Media Culture Professor David Gerstner agreed.
“The failure to guide students through a well-rounded and critically engaged program of study leaves our students with very limited options,” Gerstner wrote in an email. “Recent research shows that a well-rounded and expansive liberal-arts college education remains in high demand by industry leaders.
“People who write well and think critically are more likely to offer innovative concepts,” Gerstner continued. “All industries look for these very talents when hiring.”
Whatever the reason for the precipitous drop nationally, Papa said no one should dismiss the value of studying the humanities: doing so develops core analytical and critical skills that, while they may seem impractical, have important applications across disciplines.
For example, business majors need to have good writing skills and it will serve them well to understand history and philosophy when they, say, analyze markets and consumer behavior.
At the same time, the decline in humanities majors does not mean the humanities are going unstudied or unappreciated, Papa said.
“We’ve had the business school come to us and say we want you to teach business writing,” Papa said.

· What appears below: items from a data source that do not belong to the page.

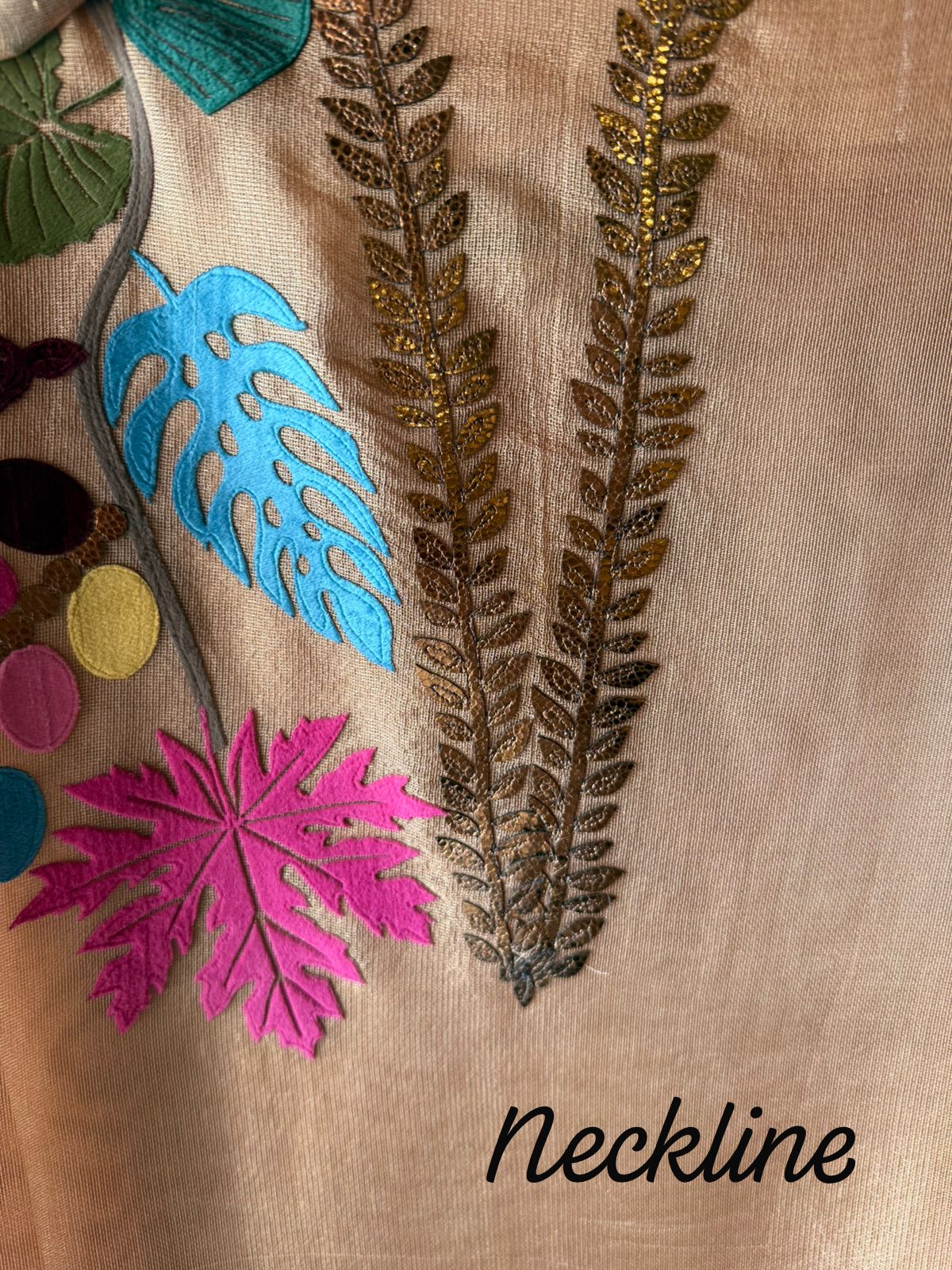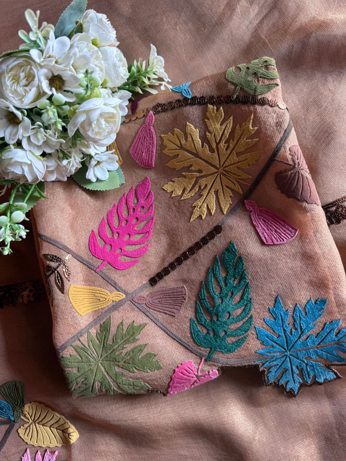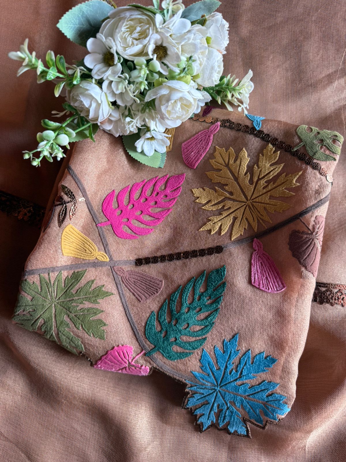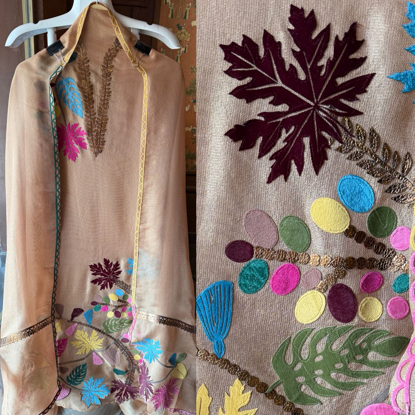Embellished with multi-colored thread embroidery (floral and leaf motifs).
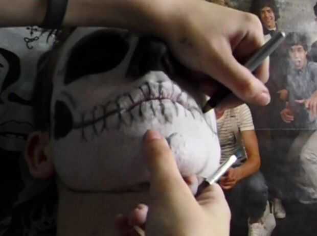 Hola mi nombre es Jennifer.Hoy demostrando cómo pintar una calavera en la cara de alguien. Este es un divertido y fácil buscar festivales y fiestas de Halloween. La pintura de cráneo va bien con un traje de esqueleto pero se puede usar con todo lo q
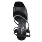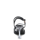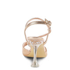 Elegant open-toe back strap pump featuring dazzling light charcoal and AB crystals on a unique sculpted clear heel and comfort sole.
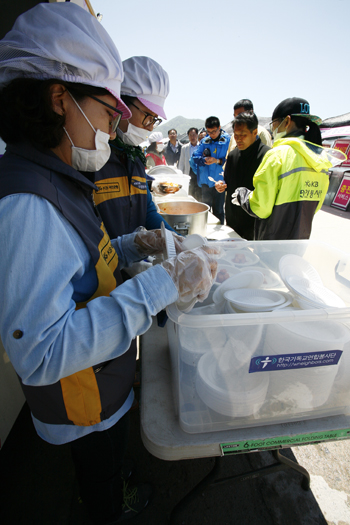 구세군 대한본영의 자원봉사자들이 팽목항 현지에 마련한 자원봉사 캠프에서 하루 100명 분 이상의 식사를 제공하고 있다. 구세군 대한본영은 사건 발생 당일인 지난 4월16일(수)부터 팽목항 현지에서 생필품 제공, 무료 급식 등의 긴급 구호활동을 펼쳐왔다.
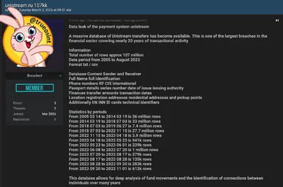 В даркнете выставили на продажу базу данных системы денежных переводов Unistream. Хакеры утверждают, что база международная и содержит сведения за почти 20 лет - с 2005 по 2023 год. Общий объем - бо
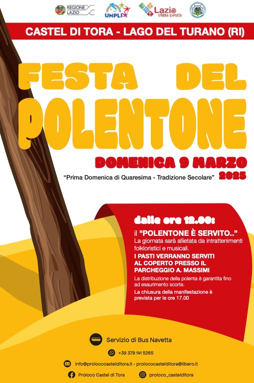 Domenica 9 marzo, Castel di Tora si trasforma nel paradiso dei buongustai con la Sagra del Polentone. Le abili mani delle donne castelvecchiesi, così vengono chiamati gli abitanti del borgo, prepareranno la famosa polenta, servita con un condimento unico e saporito: ragù di aringa, tonno, baccalà e alici, che racconta storie di tempi lontani e della tradizione quaresimale.

“Those who believe majoring in English is not “practical” are mistaken,” said English Prof. Cate Marvin. “In fact, the previous Chancellor of CUNY, James B. McMiliken, was an English major. The combination of reading and writing skills one acquires alongside the broad cultural knowledge that the examination of literature provides, prepares individuals for any field they wish to enter.”
Papa agreed, saying studying the humanities may be more important than ever.
“It’s not that you’re necessarily going to go out there and become a writer, a political scientist or a historian,” he said. “We’ll teach you how to handle information and that will carry through to any career you may go into.
“We teach students how to deal with information – figuring out what’s useful and what’s not – and also how to express that and express that in a way that is intelligent, that is convincing, or creative.”
Caryl Watkins, Director of CSI’s Center for Career and Professional Development, said humanities majors are of interest to major employers.
“Liberal Arts and Humanities majors fare very well because of their ability to articulate their thoughts, think creatively and analytically, tend to be proficient writers, and are resilient and good problem solvers,” Watkins wrote in an email. “Other than very technical positions, Humanities and Liberal Arts majors do very well in the competitive job market. The key is knowing how to present themselves professionally, and of course, having an internship or two prior to graduation only increases a LA and Humanities marketability.”
Marvin, who will serve as mentor at an All Writers Workshop on Oct. 30, said that organizing the workshop reflected the department’s commitment to celebrating and cultivating language skills.
“We are offering these writing workshop for students who are interested in seeing what having their creative work critiqued is like,” Marvin said. “We hope they’ll learn ways to strengthen their writing, become acquainted with our creative writing professors, and consider taking classes with us, including poetry, fiction, creative nonfiction and play writing.
“We have one of the strongest creative writing programs in the country,” Marvin continued. “All of our writing professors have received national awards for their work; they also share the distinction of being dedicated teachers.”
Portalatin said however it might affect her job prospects, majoring in English was entirely fulfilling.
“I think (all my friends) know I have the most fun out of all of them,” she said. “They’ll say, ‘I have a four-hour calculus exam I have to study for and I’ll say, ‘Hmmm too bad… I’m writing a book of poetry.’”
Humanities majors can take heart: A major study from the American Academy of Arts and Sciences says the majority of humanities majors are happy and gainfully employed.